BEGIN Provided data
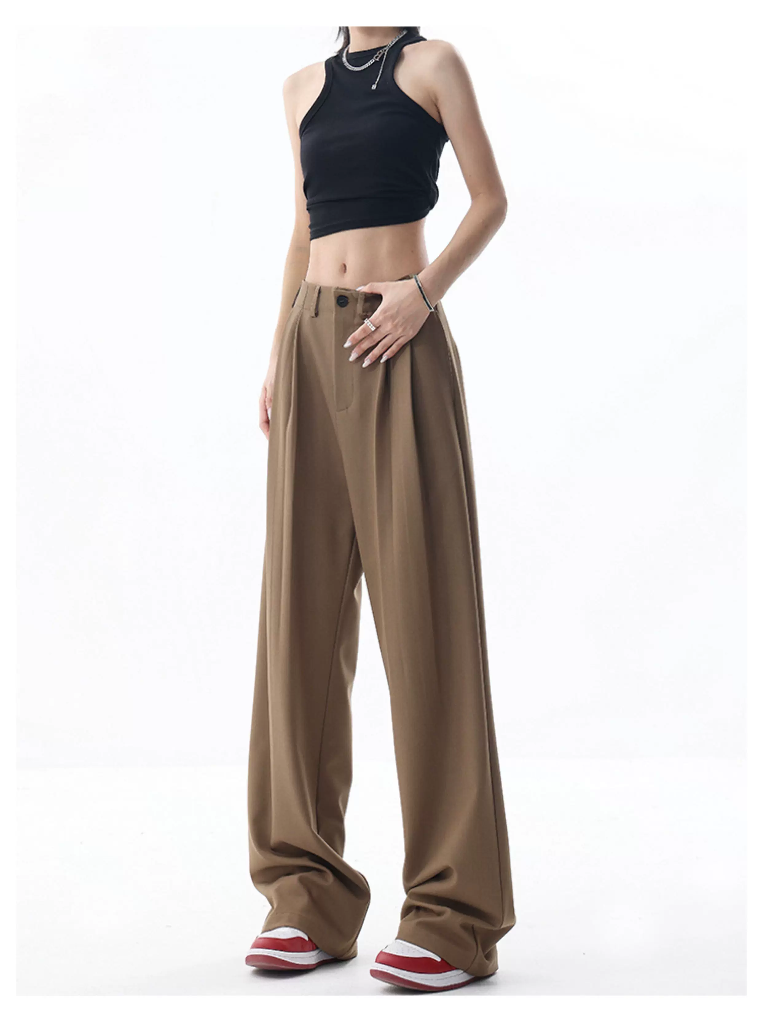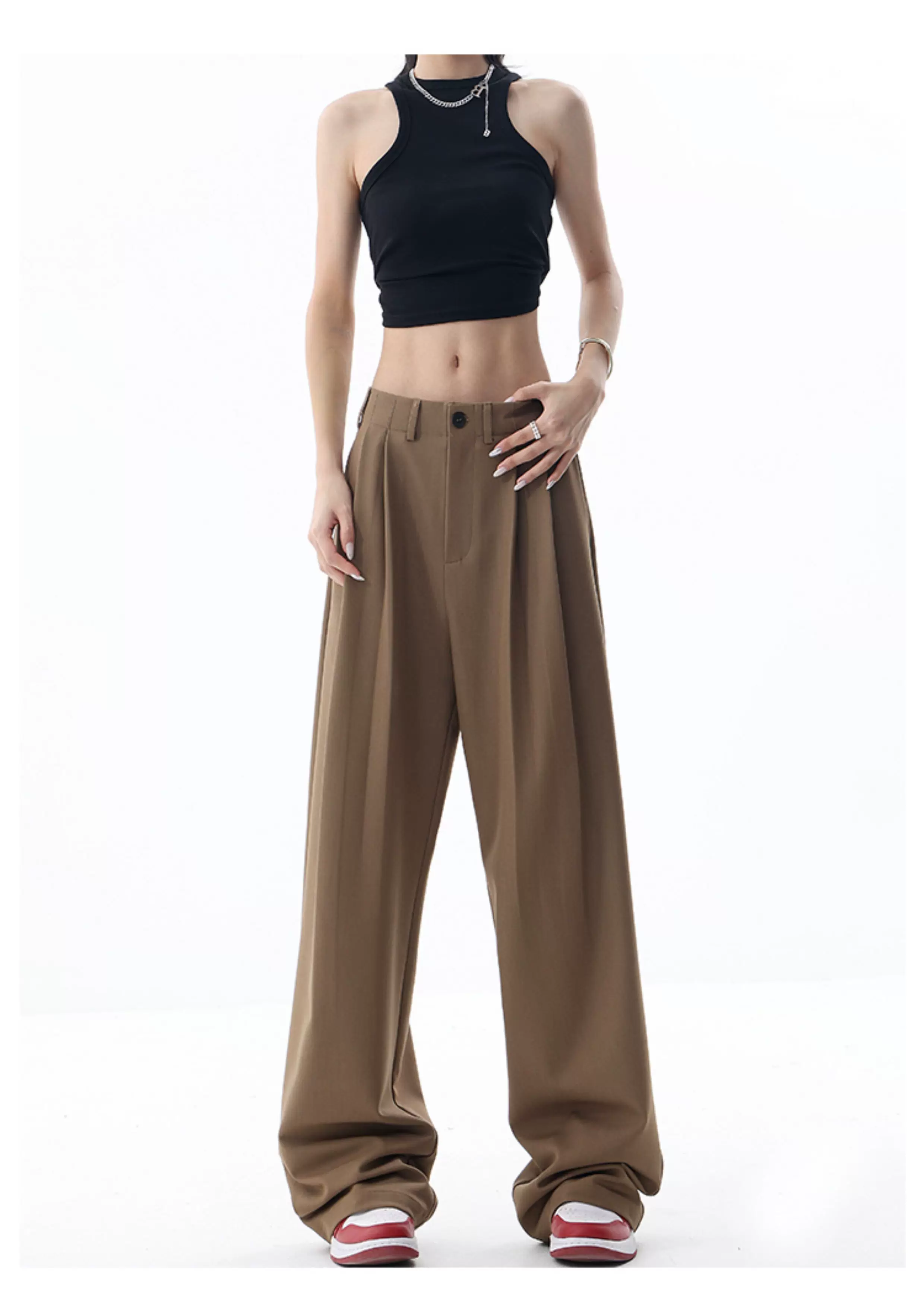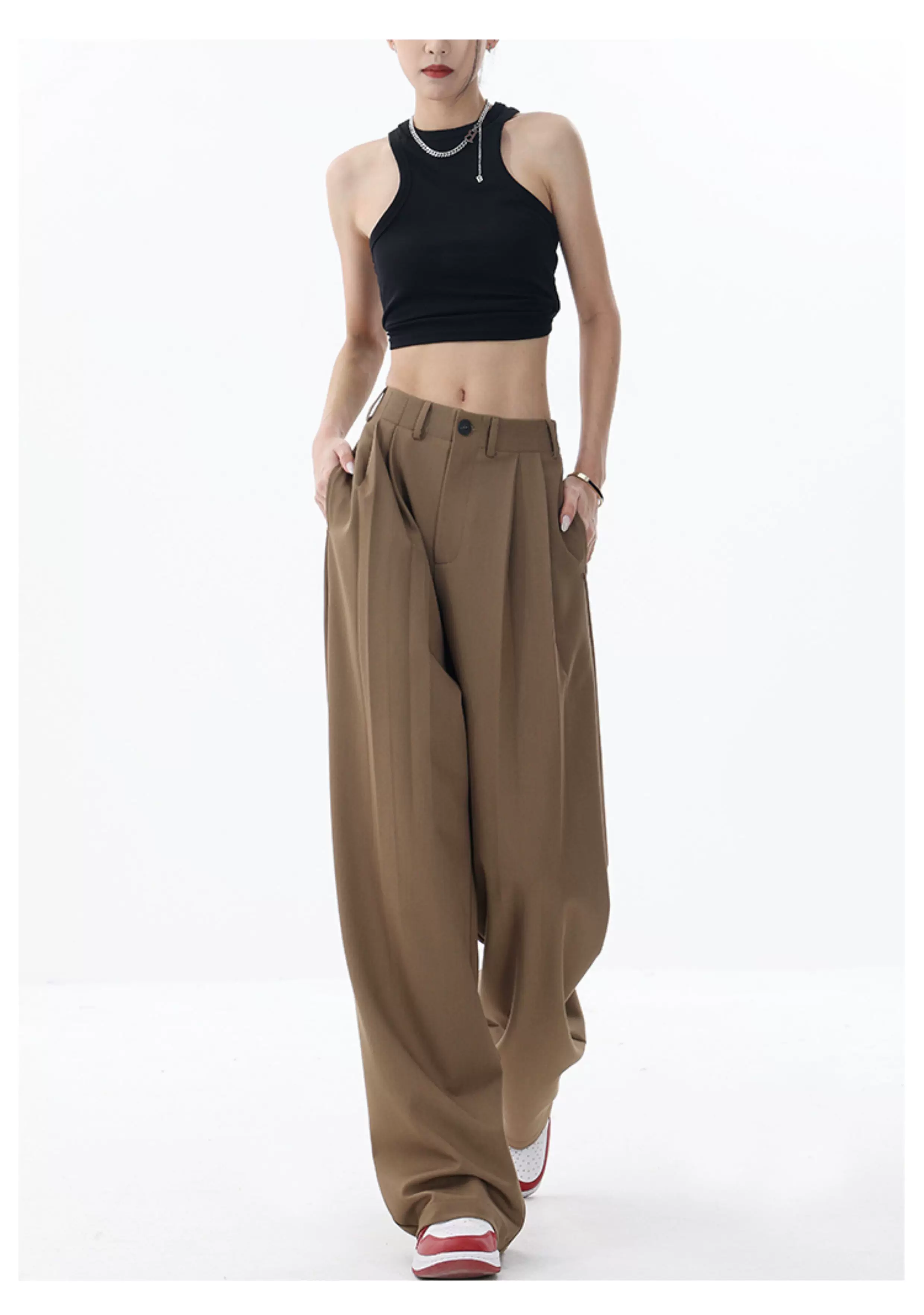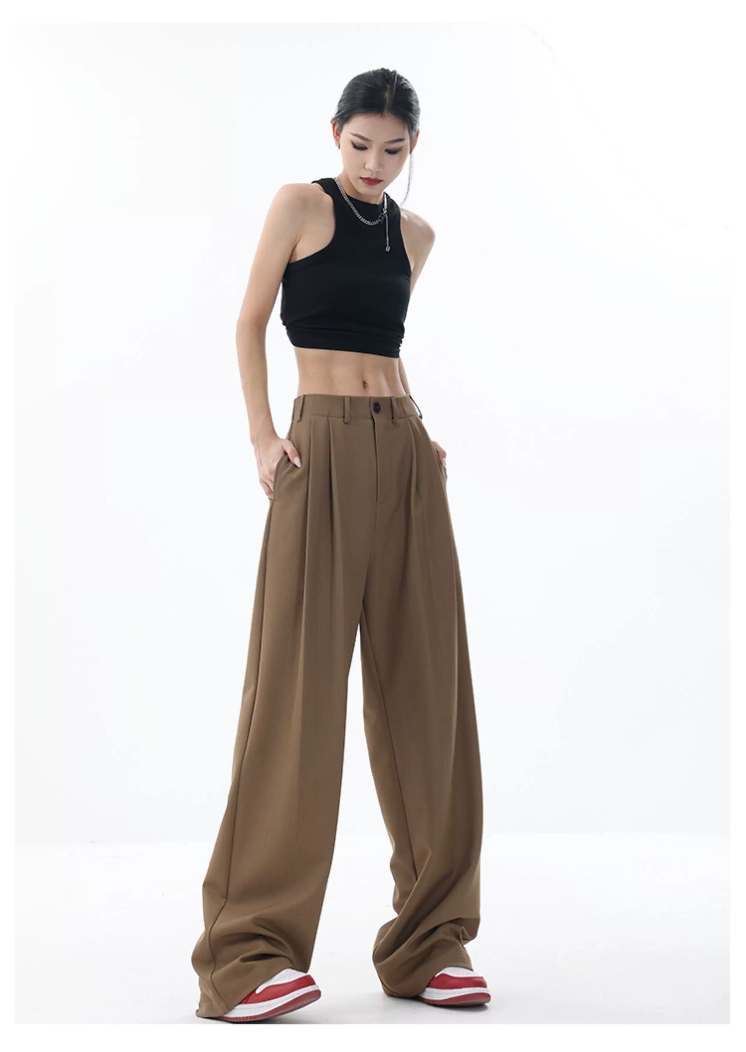 - Quần vest đen thiết kế nguyên bản của KEN STUDIO dành cho nữ với kiểu xếp ly, quần ống rộng dáng rộng, thoải mái.
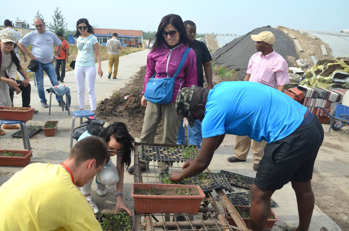 百看不如一练,洋学员来到位于潍城区的开云网页版实践教学基地,工厂化蔬菜育苗吸引了外国学员们目光,指导老师带领洋学员手把手进行盆栽蔬菜种植实践。2012年以来,我院连续四年承办援外培训项目,周密的组织,精心的授课,细心的服务,赢得了省市政府相关部门和受训国学员广泛好评,进一步增进了我院与发展中国家农业领域相关交流合作,为推动潍坊乃至山东农业走出国门、发展外向型农业发挥了积极作用。(葛树强供稿)
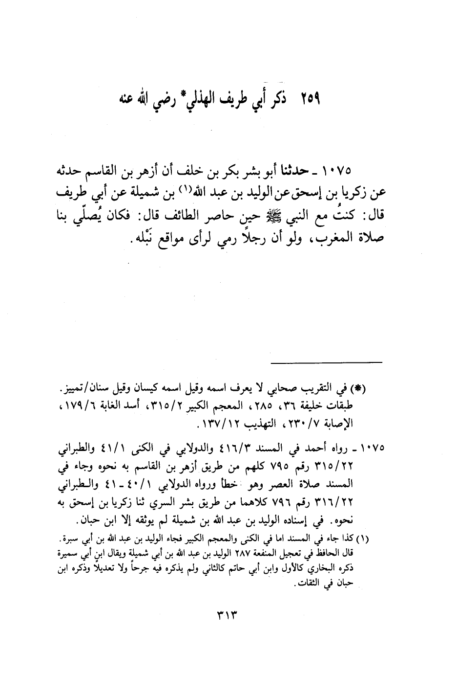 1075 - حَدَّثَنَا أَبُو بِشْرٍ بَكْرُ بْنُ خَلَفٍ، أَنَّ أَزْهَرَ بْنَ الْقَاسِمِ حَدَّثَهُ عَنْ زَكَرِيَّا بْنِ إِسْحَاقَ، عَنِ الْوَلِيدِ بْنِ عَبْدِ اللَّهِ بْنِ شُمَيْلَةَ، عَنْ أَبِي طَرِيفٍ قَالَ: كُنْتُ مَعَ النَّبِيِّ صَلَّى اللهُ عَلَيْهِ وَسَلَّمَ حِينَ حَاصَرَ الطَّائِفَ، قَالَ: «فَكَانَ §يُصَلِّي بِنَا صَلَاةَ الْمَغْرِبِ وَلَوْ أَنَّ رَجُلًا رَمَى لَرَأَى مَوَاقِعَ نَبْلِهِ»
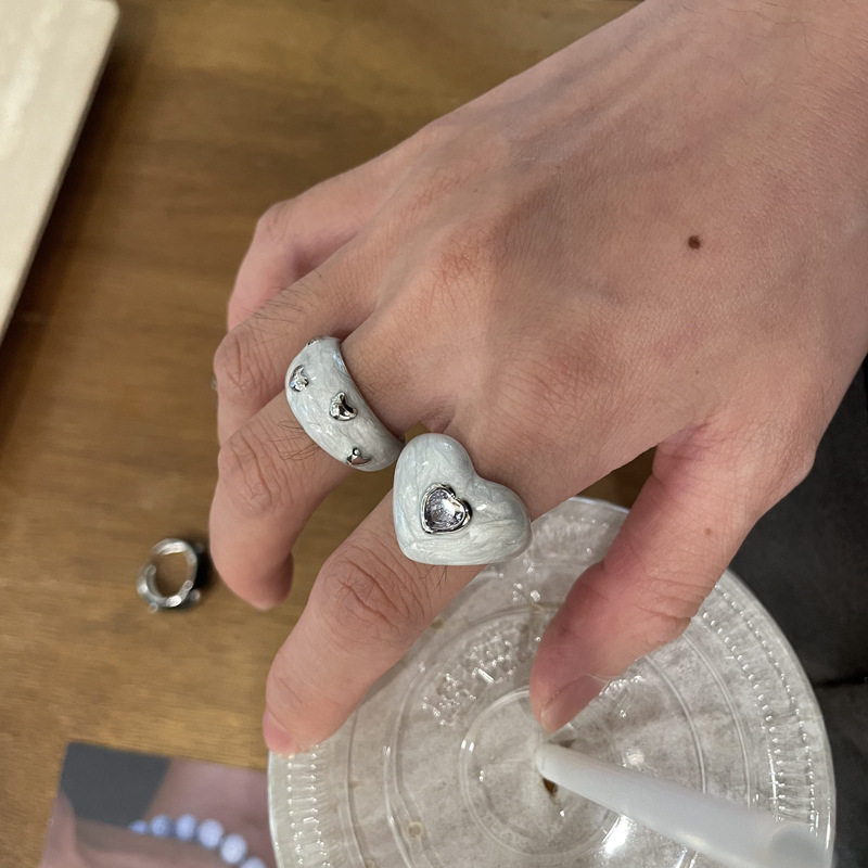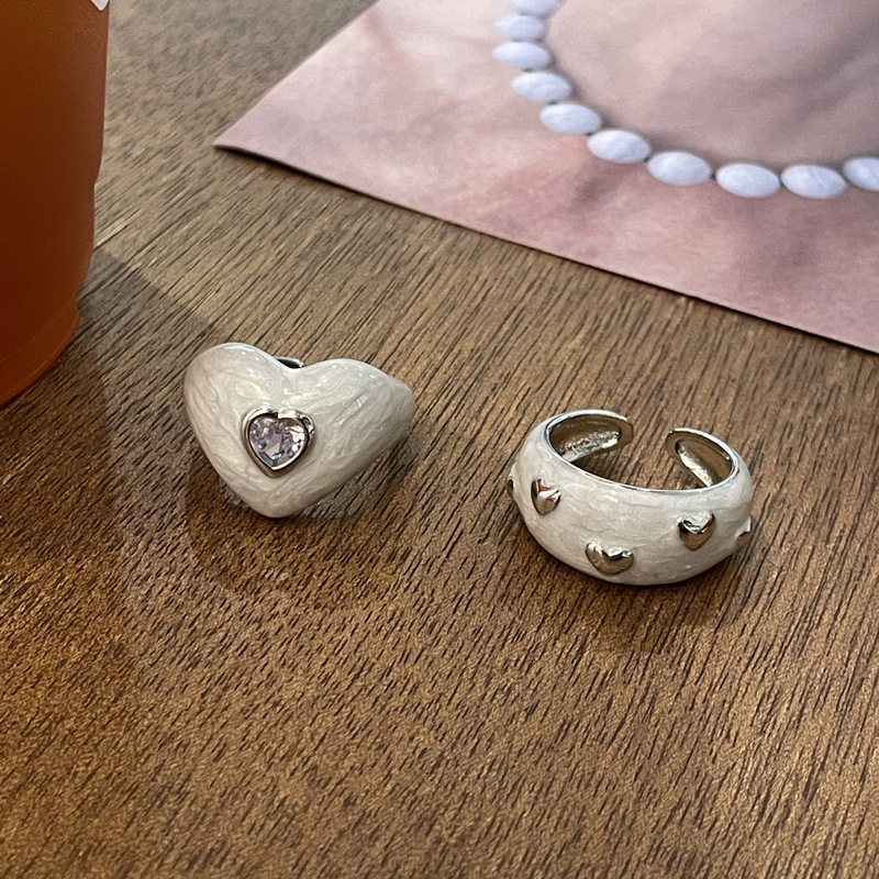 韩国博主同款滴釉戒指爱心黑色珠光白设计感可爱锆石镶嵌食指指戒
END Provided data
[Your goal] Retype, word for word, only the lines from the line with "百看不如一练,洋学员来到位于" to the final line of the listing above; the pictures do not belong in the copy.

[Task result]
 百看不如一练,洋学员来到位于潍城区的开云网页版实践教学基地,工厂化蔬菜育苗吸引了外国学员们目光,指导老师带领洋学员手把手进行盆栽蔬菜种植实践。2012年以来,我院连续四年承办援外培训项目,周密的组织,精心的授课,细心的服务,赢得了省市政府相关部门和受训国学员广泛好评,进一步增进了我院与发展中国家农业领域相关交流合作,为推动潍坊乃至山东农业走出国门、发展外向型农业发挥了积极作用。(葛树强供稿)
 1075 - حَدَّثَنَا أَبُو بِشْرٍ بَكْرُ بْنُ خَلَفٍ، أَنَّ أَزْهَرَ بْنَ الْقَاسِمِ حَدَّثَهُ عَنْ زَكَرِيَّا بْنِ إِسْحَاقَ، عَنِ الْوَلِيدِ بْنِ عَبْدِ اللَّهِ بْنِ شُمَيْلَةَ، عَنْ أَبِي طَرِيفٍ قَالَ: كُنْتُ مَعَ النَّبِيِّ صَلَّى اللهُ عَلَيْهِ وَسَلَّمَ حِينَ حَاصَرَ الطَّائِفَ، قَالَ: «فَكَانَ §يُصَلِّي بِنَا صَلَاةَ الْمَغْرِبِ وَلَوْ أَنَّ رَجُلًا رَمَى لَرَأَى مَوَاقِعَ نَبْلِهِ»
 韩国博主同款滴釉戒指爱心黑色珠光白设计感可爱锆石镶嵌食指指戒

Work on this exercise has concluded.